WordPress Security tools

There are many precautions you can (and should) follow.

  1. Select good hosting/server.

    • Set strong passwords for your hosting and FTP accounts.
    • Don’t use servers that allow remote connections to the DB.
    • If you want to host multiple sites on one server, make sure they’re separated (so one site can’t access files from other sites – otherwise all your sites will get infected if any one of them is vulnerable).
  2. Install WP in a smart way

    • Don’t use autoinstalators (hosting companies very often modify WordPress, so it’s nicer for them, but it isn’t a good idea).
    • Select strong password for admin and use some real login for this user (don’t use admin or administrator)
    • Don’t use default db prefix.
  3. Harden your site

    • Set proper access rights for your files and directories.
    • Block access to files that should not be accessed (no PHP files from wp-includes or wp-content should be accessible)
    • If only few users should be able to login to wp-admin, then allow access to wp-admin only for some IP addresses or add BasicAuth.
  4. Maintain your site

    • Be careful when installing new plugins.
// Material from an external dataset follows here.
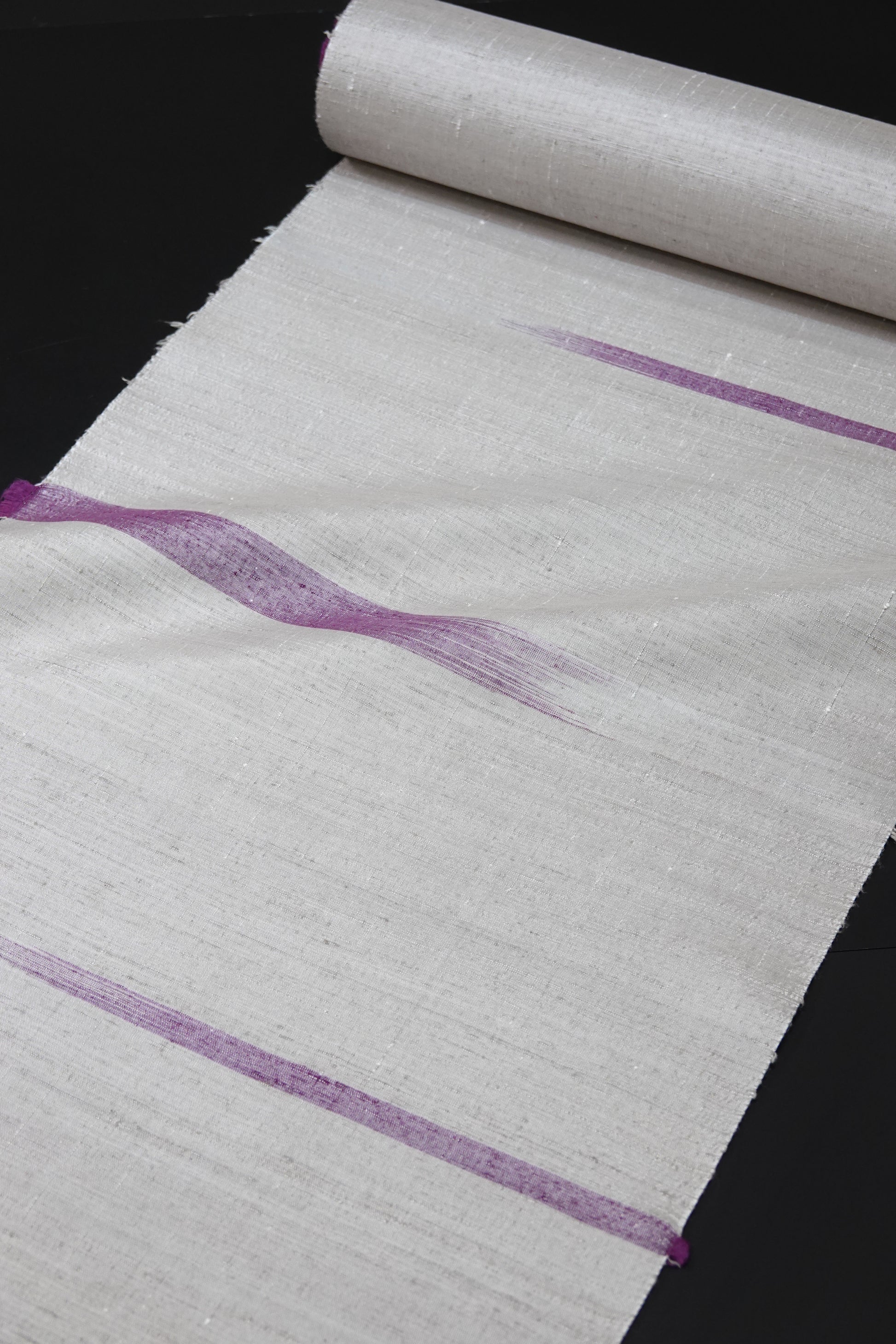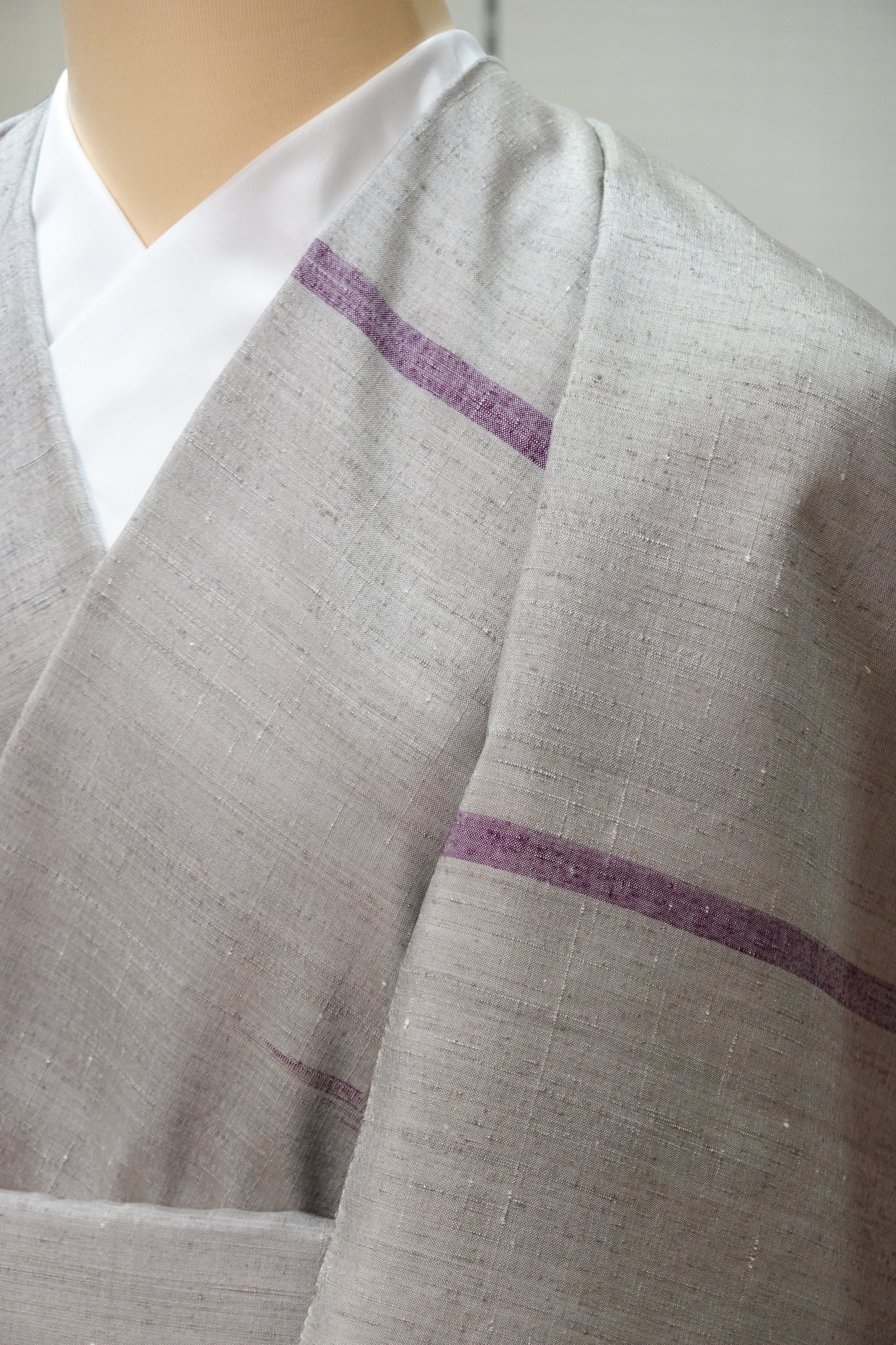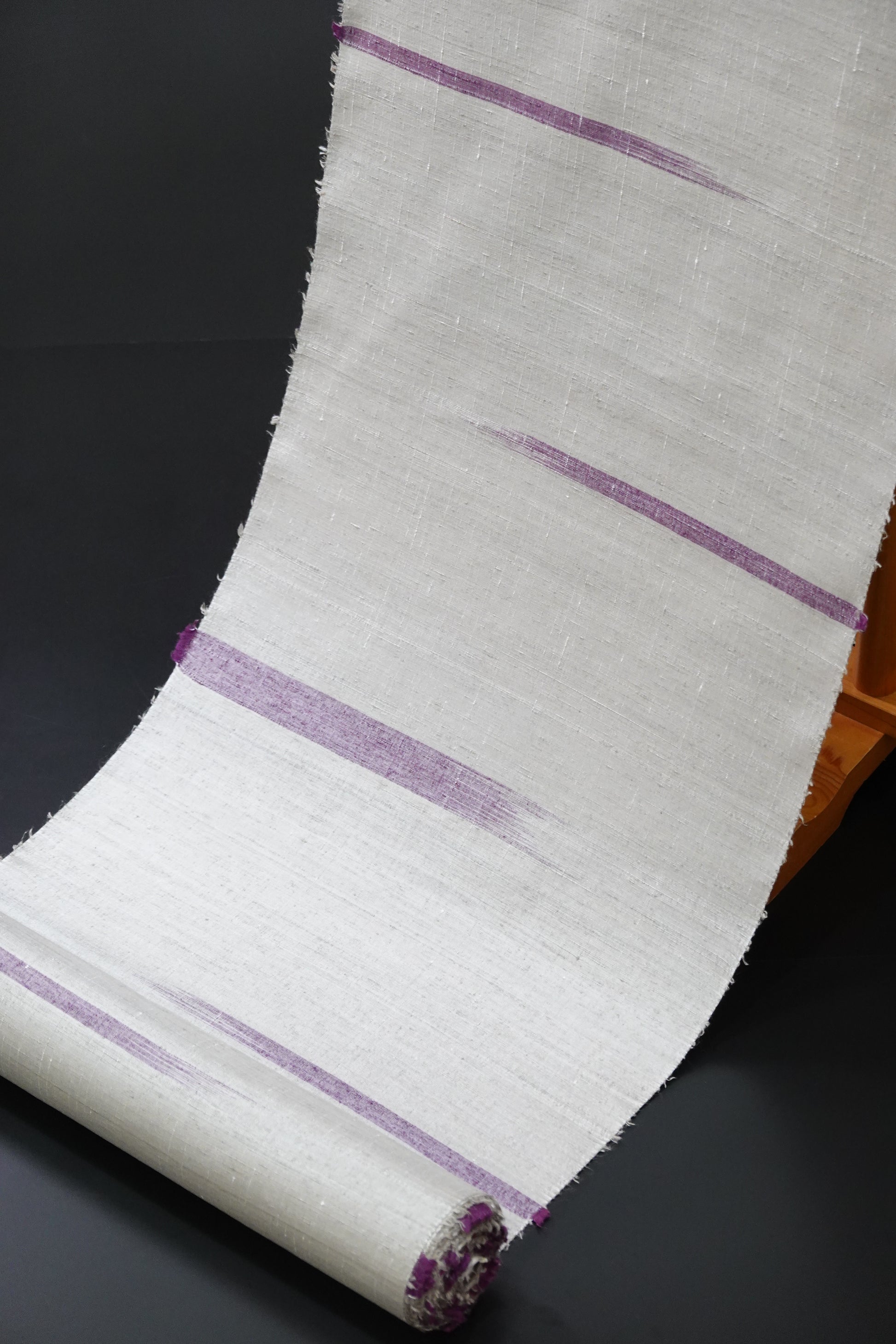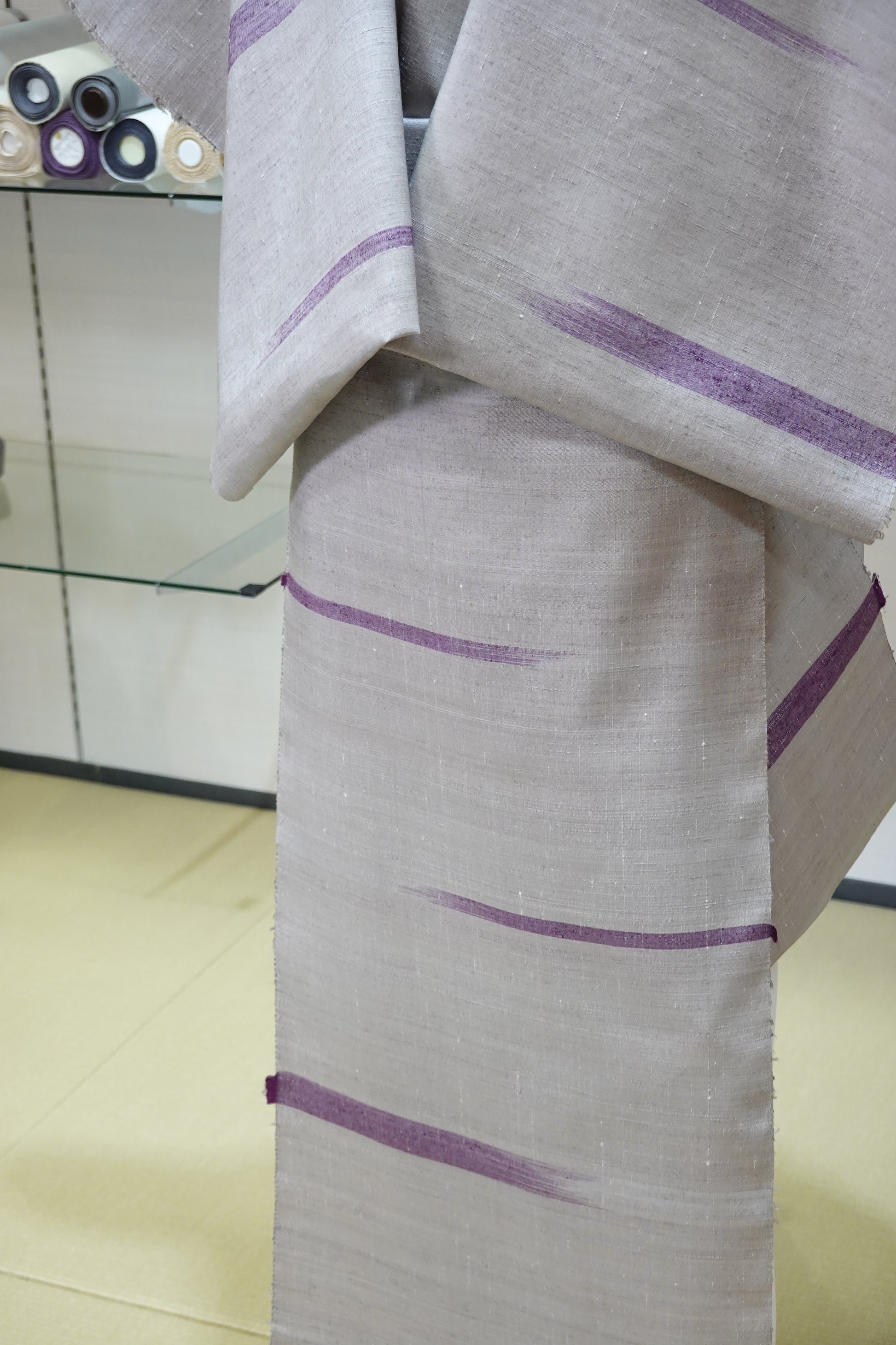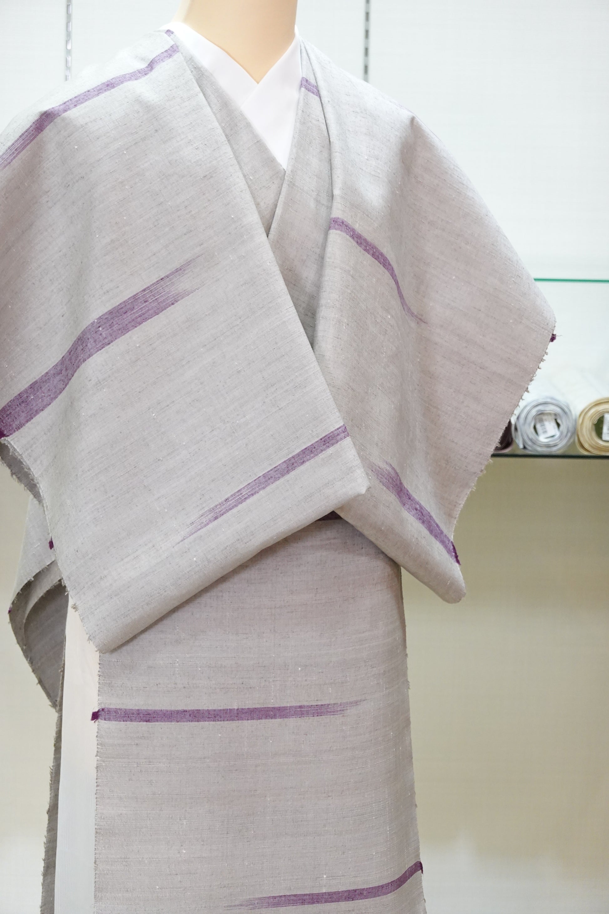 【伊那紬】霞絣の段 真綿紬 着尺 グレー地に紫【久保田織染工業】

Download plugins/themes only from original sources.
    • Use only secure plugins/themes (be very careful with plugins/themes from CodeCanyon/ThemeForest – they very often are poorly written)
    • Update WP, themes and plugins.

More reading: https://wordpress.org/support/article/hardening-wordpress/

Bonus. Don’t use…

Don’t use “security” plugins. They don’t do much, because they can’t. They’re only plugins, so if a site has vulnerability, then it still will exist. Plugin can only harden and check your site, but… Hardening automatically is always worse that hardening manually. And monitoring your site with a plugin doesn’t make any sense – if your site gets infected, then malware can easily modify behavior of site and any plugin (I’ve shown many times on WordCamp in Poland how easy it is to make Wordfence to show anything you want as its monitoring status). And all that “checking” and logging makes your site much slower. And even worse – if you’ll check WPVulnDB, then you’ll see, that many of “security plugins” had a lot of vulnerabilities in their code…

Also don’t change the default login address. WordPress uses your theme and all your plugins to generate 404 error pages. It means that such page isn’t very quick (it’s few times slower than login form). So if you change the default login form address and any brute-force attack will occur, then it automatically will be DDoS attack thanks to your changes. On the other hand – if you choose hosting wisely, then you don’t have to worry about brute-force attacks, because it will get blocked by firewalls.